Well console.log(['one', 'two', 'three', 'four', 'five']) has the same result as well, so why use either here? :P
In general you would use concat when you have two (or more) arrays from arbitrary sources, and you would use the spread syntax in the array literal if the additional elements that are always part of the array are known before. So if you would have an array literal with concat in your code, just go for spread syntax, and just use concat otherwise:
[...a, ...b] // bad :-(
a.concat(b) // good :-)
[x, y].concat(a) // bad :-(
[x, y, ...a] // good :-)
Also the two alternatives behave quite differently when dealing with non-array values.
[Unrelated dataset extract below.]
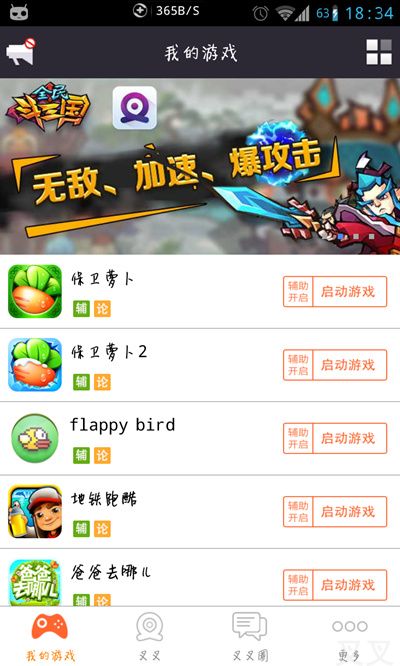 二、打开叉叉助手,点击“我的游戏”界面右上角菜单栏,进入“实用工具”页面;

I am replying just to the performance question since there are already good answers regarding the scenarios. I wrote a test and executed it on the most recent browsers. Below the results and the code.
/*
* Performance results.
* Browser Spread syntax concat method
* --------------------------------------------------
* Chrome 75 626.43ms 235.13ms
* Firefox 68 928.40ms 821.30ms
* Safari 12 165.44ms 152.04ms
* Edge 18 1784.72ms 703.41ms
* Opera 62 590.10ms 213.45ms
* --------------------------------------------------
*/
Below the code I wrote and used.
const array1 = [];
const array2 = [];
const mergeCount = 50;
let spreadTime = 0;
let concatTime = 0;
// Used to popolate the arrays to merge with 10.000.000 elements.
for (let i = 0; i < 10000000; ++i) {
array1.push(i);
array2.push(i);
}
// The spread syntax performance test.
for (let i = 0; i < mergeCount; ++i) {
const startTime = performance.now();
const array3 = [ ...array1, ...array2 ];
spreadTime += performance.now() - startTime;
}
// The concat performance test.
for (let i = 0; i < mergeCount; ++i) {
const startTime = performance.now();
const array3 = array1.concat(array2);
concatTime += performance.now() - startTime;
}
console.log(spreadTime / mergeCount);
console.log(concatTime / mergeCount);

The one difference I think is valid is that using spread operator for large array size will give you error of Maximum call stack size exceeded which you can avoid using the concat operator.
var someArray = new Array(600000);
var newArray = [];
var tempArray = [];
someArray.fill("foo");
try {
newArray.push(...someArray);
} catch (e) {
console.log("Using spread operator:", e.message)
}
tempArray = newArray.concat(someArray);
console.log("Using concat function:", tempArray.length)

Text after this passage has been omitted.